*** Block opens ***

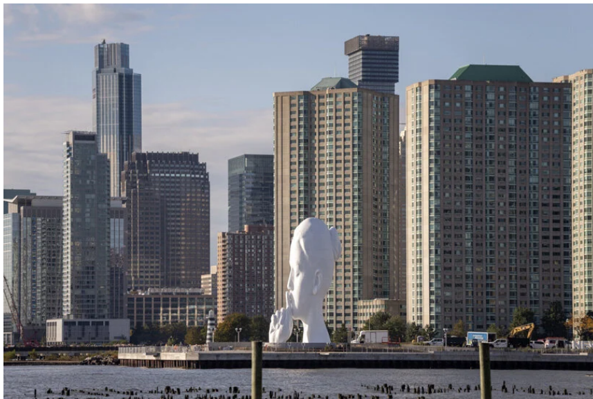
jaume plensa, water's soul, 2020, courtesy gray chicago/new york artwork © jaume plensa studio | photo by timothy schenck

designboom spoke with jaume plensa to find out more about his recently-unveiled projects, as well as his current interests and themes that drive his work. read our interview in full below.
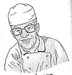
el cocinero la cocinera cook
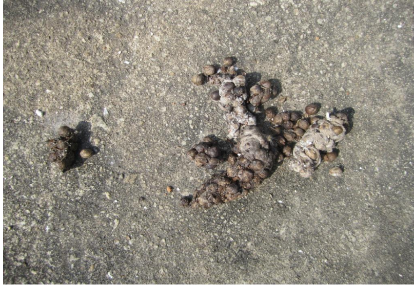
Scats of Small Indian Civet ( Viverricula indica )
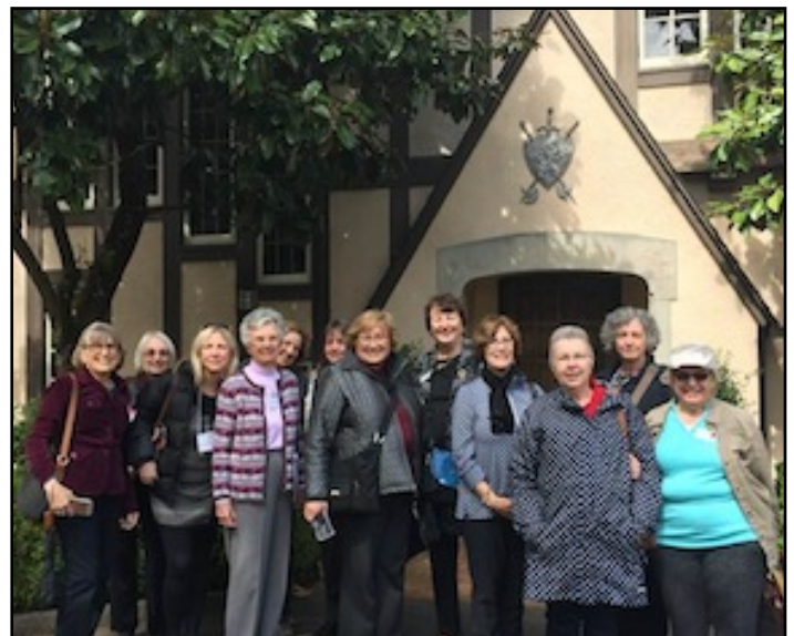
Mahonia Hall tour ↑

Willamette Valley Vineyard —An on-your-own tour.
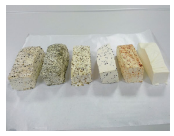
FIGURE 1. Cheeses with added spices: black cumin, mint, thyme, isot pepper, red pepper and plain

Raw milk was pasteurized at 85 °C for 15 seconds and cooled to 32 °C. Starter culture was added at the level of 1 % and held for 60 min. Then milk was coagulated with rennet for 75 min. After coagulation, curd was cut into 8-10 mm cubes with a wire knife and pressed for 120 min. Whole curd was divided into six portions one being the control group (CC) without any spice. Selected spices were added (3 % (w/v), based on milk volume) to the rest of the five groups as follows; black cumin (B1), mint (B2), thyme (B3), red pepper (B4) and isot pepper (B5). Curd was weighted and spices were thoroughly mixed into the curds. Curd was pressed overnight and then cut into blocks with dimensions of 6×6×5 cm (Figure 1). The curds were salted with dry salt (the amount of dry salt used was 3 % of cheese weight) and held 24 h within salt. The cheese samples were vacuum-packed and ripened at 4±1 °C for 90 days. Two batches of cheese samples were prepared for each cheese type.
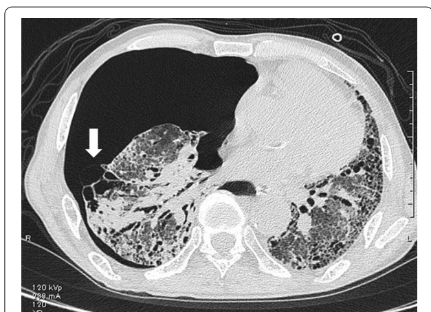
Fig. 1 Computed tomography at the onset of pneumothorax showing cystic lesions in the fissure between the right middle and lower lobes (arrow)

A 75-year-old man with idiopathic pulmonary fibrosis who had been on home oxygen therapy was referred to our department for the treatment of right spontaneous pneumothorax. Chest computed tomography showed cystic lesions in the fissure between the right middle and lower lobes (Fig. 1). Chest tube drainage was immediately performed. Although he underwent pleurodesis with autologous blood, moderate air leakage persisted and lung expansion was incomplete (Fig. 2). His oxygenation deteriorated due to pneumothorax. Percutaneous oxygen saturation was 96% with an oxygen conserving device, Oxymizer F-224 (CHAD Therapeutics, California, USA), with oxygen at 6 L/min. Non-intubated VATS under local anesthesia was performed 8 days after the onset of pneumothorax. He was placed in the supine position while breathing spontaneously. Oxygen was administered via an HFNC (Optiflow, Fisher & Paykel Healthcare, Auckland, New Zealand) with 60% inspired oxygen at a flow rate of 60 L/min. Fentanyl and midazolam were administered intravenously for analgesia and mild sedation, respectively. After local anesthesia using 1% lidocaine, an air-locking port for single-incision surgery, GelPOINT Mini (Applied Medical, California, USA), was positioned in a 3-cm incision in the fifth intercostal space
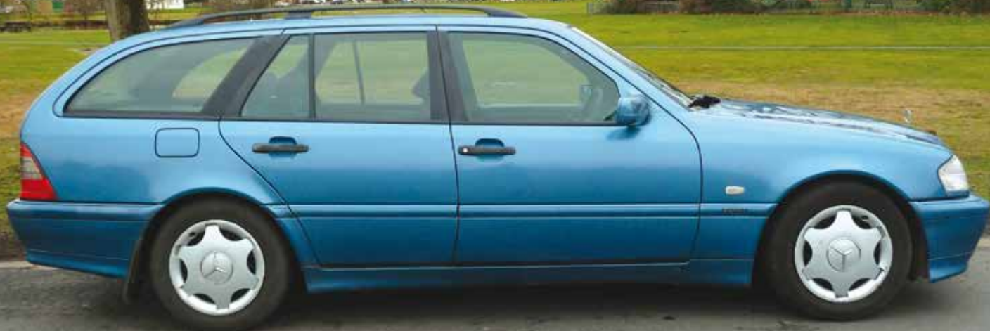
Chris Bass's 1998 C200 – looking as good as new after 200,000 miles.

*** Block closes ***

- **Exercise prompt**
Copy each line in the entries above where the word "pneumothorax" shows up.

- **Your solution**
Fig. 1 Computed tomography at the onset of pneumothorax showing cystic lesions in the fissure between the right middle and lower lobes (arrow)
A 75-year-old man with idiopathic pulmonary fibrosis who had been on home oxygen therapy was referred to our department for the treatment of right spontaneous pneumothorax. Chest computed tomography showed cystic lesions in the fissure between the right middle and lower lobes (Fig. 1). Chest tube drainage was immediately performed. Although he underwent pleurodesis with autologous blood, moderate air leakage persisted and lung expansion was incomplete (Fig. 2). His oxygenation deteriorated due to pneumothorax. Percutaneous oxygen saturation was 96% with an oxygen conserving device, Oxymizer F-224 (CHAD Therapeutics, California, USA), with oxygen at 6 L/min. Non-intubated VATS under local anesthesia was performed 8 days after the onset of pneumothorax. He was placed in the supine position while breathing spontaneously. Oxygen was administered via an HFNC (Optiflow, Fisher & Paykel Healthcare, Auckland, New Zealand) with 60% inspired oxygen at a flow rate of 60 L/min. Fentanyl and midazolam were administered intravenously for analgesia and mild sedation, respectively. After local anesthesia using 1% lidocaine, an air-locking port for single-incision surgery, GelPOINT Mini (Applied Medical, California, USA), was positioned in a 3-cm incision in the fifth intercostal space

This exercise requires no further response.